This is stated in the advice that nitrogen mediator Johan Remkes presented on Wednesday after months of consultation with the cabinet, farmers and other parties involved in the nitrogen crisis.
Remkes’s help was called in after massive farmer protests broke out in June, because the cabinet had laid down a firm demand that by 2030 in some parts of the country a 70 to 90 percent nitrogen reduction must be achieved. In practice, this would mean the end of many farms.
As a way out of the deadlock, Remkes advises that the cabinet should stick to the nitrogen reduction targets in 2030, but that an escape clause should be built in. Between 2025 and 2028, ‘there must be room to re-examine the timeline for the reduction targets’, Remkes writes in his report. What is possible. ‘It should be possible under certain conditions to give more space to specific areas, if there are compelling reasons to do so.’ Some flexibility should therefore be possible.
The escape clause is not without conditions, emphasizes Remkes. It should only be possible to give a specific area more time if a province can demonstrate that it is on the right track and has already achieved a large part of the reduction target and if nature restoration has been ‘irreversibly initiated’.
Another reason to give more time: if the restoration of nature is already ‘well on track’ and the remaining problem can be realized ‘through natural attrition’. For example, if a number of farms are going to stop in the foreseeable future, it is possible to deviate from the 2030 deadline. Remkes recommends ‘legally anchoring’ that the timeline is reviewed again in 2025 and 2028.
The reference year 2030 is in the coalition agreement that VVD, D66, CDA and ChristenUnie concluded at the end of last year. That appointment is now politically sensitive, because CDA leader Wopke Hoekstra said in an interview that the year is ‘not sacred’ as far as he is concerned. D66 does want to stick to 2030. Remkes’ advice is a compromise between those two thoughts.
Buy out peak loaders
In total, nitrogen mediator Remkes makes 25 recommendations. Another notable recommendation of his is to ‘buy out 500 to 600 peak loaders within a year’. These are companies ‘from the agricultural sector and the business community’ that cause so much nitrogen emissions near vulnerable nature areas that buying them out would immediately lead to an enormous reduction. ‘By doing this in a targeted manner, it affects as few farmers as possible, namely about 1 percent of the population,’ writes Remkes.
By buying out the peak loaders, Remkes thinks he will meet the more than 2,500 so-called PAS detectors. These are livestock farmers who have expanded their business with the permission of the government, but whose courts subsequently determined that they needed a permit. According to Remkes, a number of important construction projects can also receive a permit through targeted buy-out of peak loaders.
Until now, the government has assumed that it is voluntary. Remkes advises that entrepreneurs who are forced to stop should have ‘worthy’ arrangements.
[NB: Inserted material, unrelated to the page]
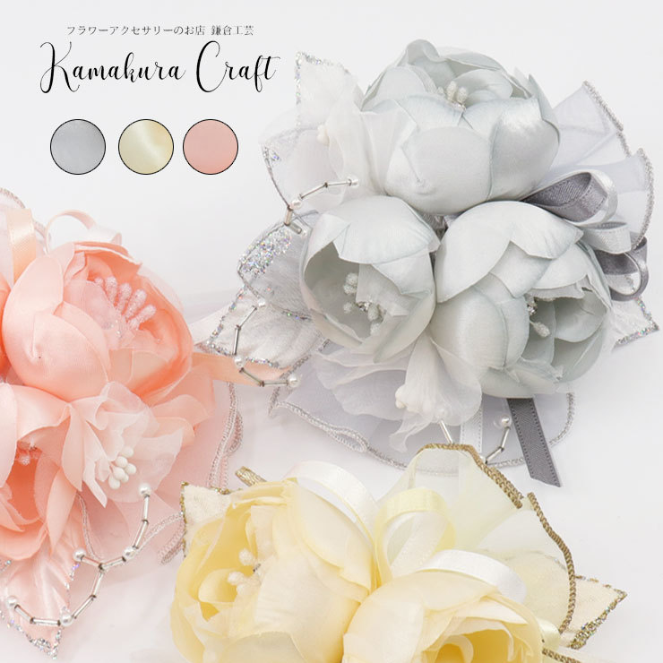 コサージュ 結婚式 卒園式 卒業式 入園式 入学式 フォーマル ピンク ベージュ 金 ゴールド グレー 送料無料 日本製 華やか 七五三 お呼ばれ ケース付き 丸バラ

The government will have to pull out the wallet for that. ‘It is crucial to stretch the buy-out arrangement as widely as possible and to guarantee that there is no better offer’, advises Remkes. ‘The government must also be open to any other proposal that leads to the guaranteed reduction within the year.’
Remkes emphasizes in his report that it is necessary to emit much less nitrogen in the short term, in order to enable nature restoration. If this does not happen, the consequences for life in the Netherlands will be serious, warns the nitrogen mediator. ‘The Netherlands will then be locked up, because it is hardly legally possible anymore to grant permits. Not for houses, not for farms, not for roads. That also means that construction will come to a standstill, with significant economic and social consequences,” the report says.
Restore trust
In his recommendations, Remkes also lashes out at the national government that has faltered too much with the nitrogen policy. He calls farmers who previously received a permit from the government, which was later revoked, ‘victims of unreliable policies’.
In order to restore farmers’ confidence in the government, Remkes advises, among other things, to wipe the much-discussed ‘nitrogen ticket’ off the table. Many farmers and rural areas were taken by surprise by this map, which contains detailed nitrogen reduction targets for each area in the Netherlands. Communication to farmers needs to improve, says Remkes. ‘So this map shouldn’t have been presented in this way.’ He recommends ‘regional maps’ that are less detailed.
Another important requirement from farmers is to reconsider the critical deposition value (kdw), the scientific standard for the maximum nitrogen precipitation a given area can tolerate. According to Remkes, the legal embedding of the kdw is ‘not strictly necessary’. It remains for judges the standard against which they assess licensing, but it should not be ‘canonized’.